All 11 test cases pass off-PLC (32-bit MinGW via the loupeRT harness); the 4 new/extended ones fail without the fix.

Notes

🤖 Generated with Claude Code

sclaiborne and others added 3 commits June 11, 2026 19:09
Covers the LLHttpResponse status input end-to-end through the server
send path, plus LLHttpBuildResponse unit coverage for non-200 codes,
the status 0 default, and content-length on empty payloads.

Co-Authored-By: Claude Fable 5 <noreply@anthropic.com>
LLHttpUriMatch returned a match as soon as the request URI reached its
query string, without requiring the handler pattern to be consumed too.
A request like 'POST /api/brew?durationS=180' therefore dispatched to a
handler listening on '/api/brew/abort' as well as the '/api/brew' one.
Every matching LLHttpResponse FB then answered the same request, and
whichever response was queued first reached the client - typically a
sibling route's 200 that masked the real route's custom status (202,
409, ...). Requests without a query string were unaffected, which made
the bug look like the status input was ignored.

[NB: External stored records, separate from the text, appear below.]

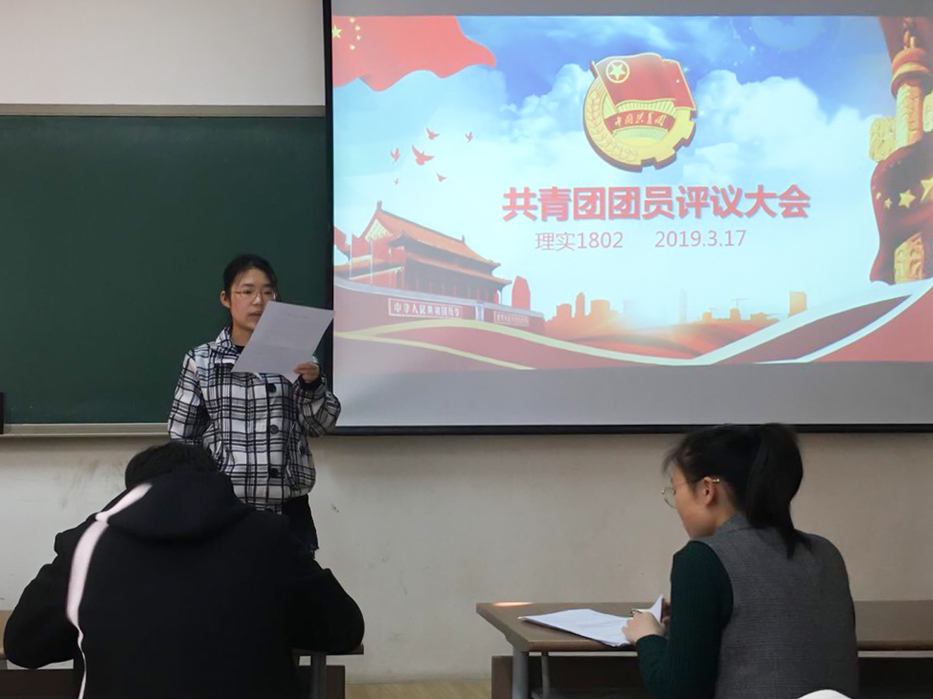 为提高团员自身素质,安排好团支部工作,更好地建设团支部,理科实验班1802班于3月17日上午在南堂113室召开班级团支部团员评议大会。
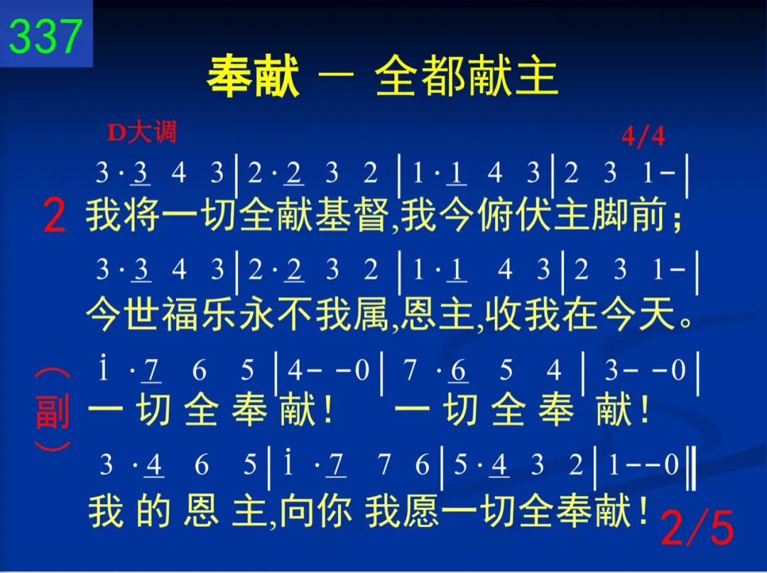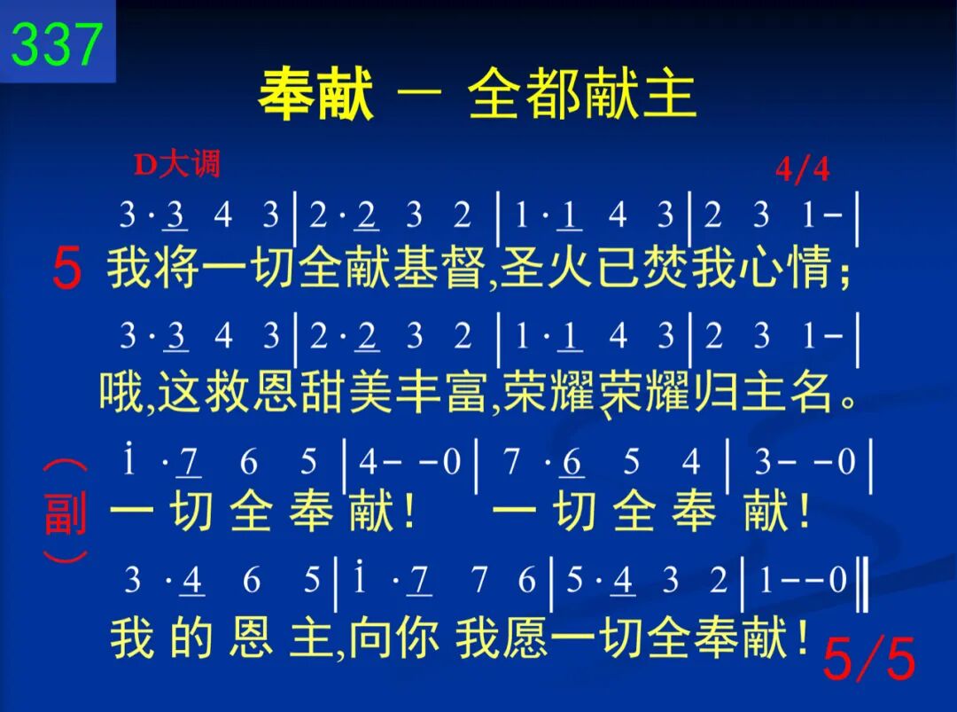 我将一切全献基督,全献恩主心甘愿;我要永远爱主,随主,天天活在主面前。 一切全奉献!一切全奉献!我的恩主,向你我愿一切全奉献! 二 我将一切全献基督,我今俯伏主脚前;今世福乐永不我属,恩主,收我在今天。 一切全奉献!一切全奉献!我的恩主,向你我愿一切全奉献! 三 我将一切全献基督,恩主,将我全得着。惟愿圣灵从我证出:我是属主,主属我。 一切全奉献!一切全奉献!我的恩主,向你我愿一切全奉献! 四 我将一切全献基督,主,我愿作你器皿;恩惠、能力充我如注,显明你生在我身。 一切全奉献!一切全奉献!我的恩主,向你我愿一切全奉献! 五 我将一切全献基督,圣火已焚我心情;哦,这救恩甜美丰富,荣耀、荣耀归主名。
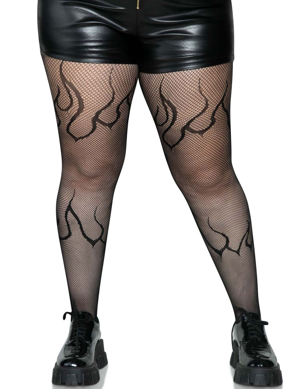 Svarta Nätstrumpbyxor med Flammigt Mönster Plus Size
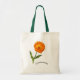 Flor naranja con gotitas de agua. En la parte inferior está el título en texto curvo: Calendula.
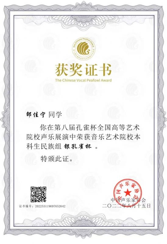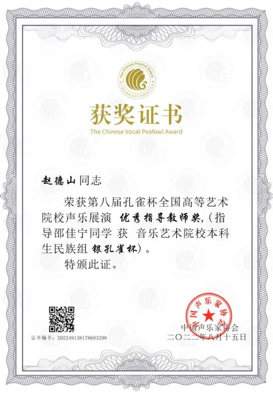 8月14日,第八届孔雀杯全国高等艺术院校声乐展演活动在宁波圆满落幕。我系学子在比赛中表现出色,喜获佳绩。其中,2019级本科生邵佳宁荣获音乐艺术院校本科民族组银孔雀奖,我系教师赵德山教授获优秀指导教师奖。
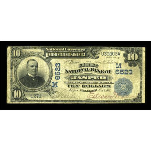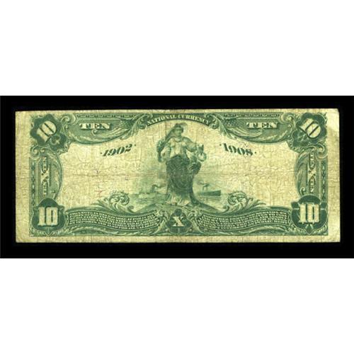 <B>Jasper, MN </B></I>- $10 1902 Date Back Fr. 616 <B>The First NB</B></I> Ch. # (M)6523<BR> Large notes only from this very scarce bank, with the population standing at just seven pieces. This specimen is new to the census. <B>Very Good+,</B></I> with two color signatures. <BR><BR><b>Shipping:</b> Coins & Currency (<a target="_blank" href="http://www.heritageauctions.com/common/shipping.php">view shipping information</a>)
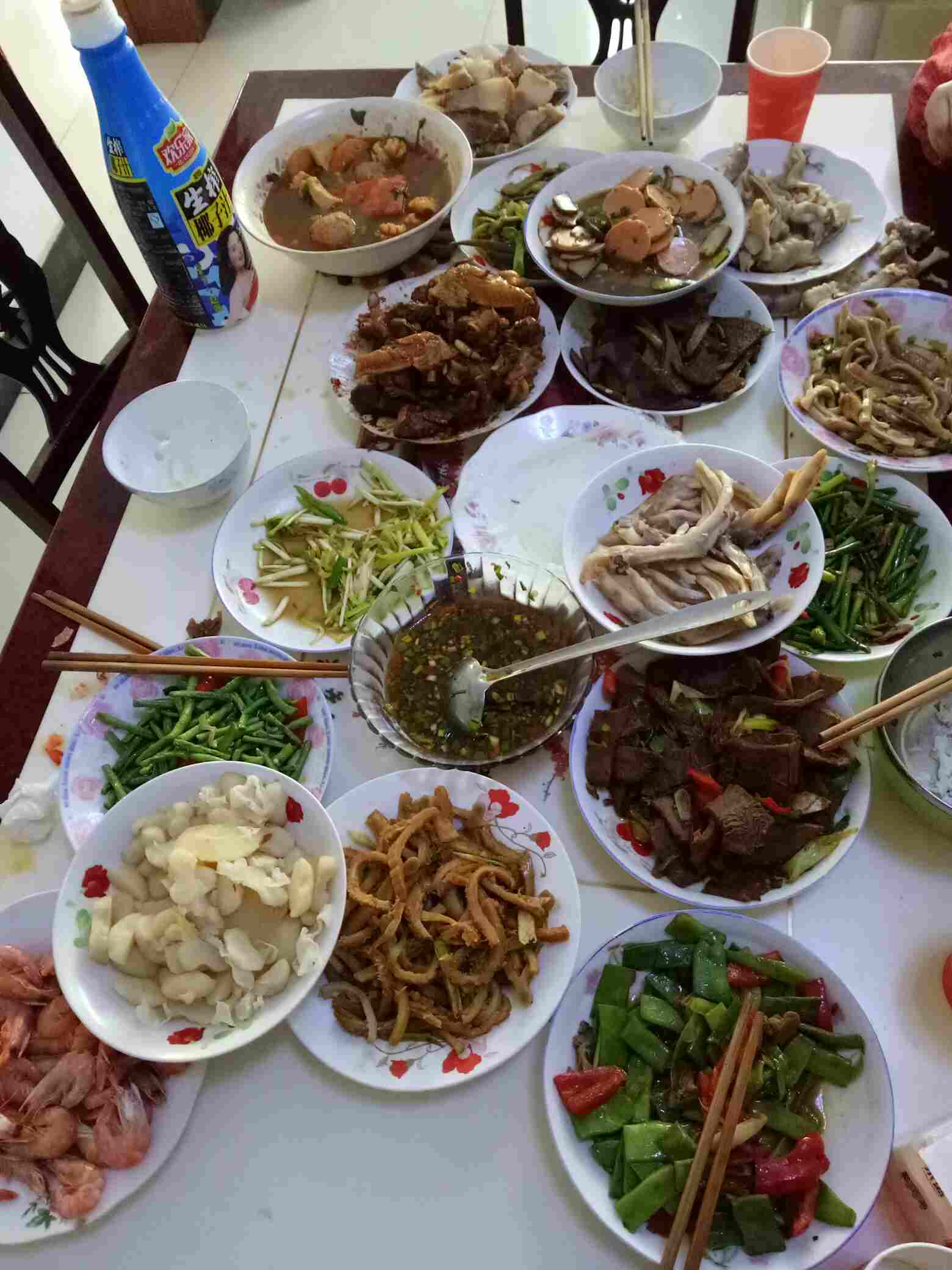 真丰盛 我们家就两个菜 妈妈感冒了 不爱弄 我贴对联来着

Co-Authored-By: Claude Fable 5 <noreply@anthropic.com>
A response queued with status 0 (the FB input's initial value) went out
as the malformed status line 'HTTP/1.1 0 ', which strict clients such
as .NET HttpClient reject outright. Default to 200 OK so applications
that never set the status input keep working.

Responses with an empty payload now carry an explicit content-length: 0
(except 1xx/204/304, which must not have one) so keep-alive clients do
not wait for a body that never comes.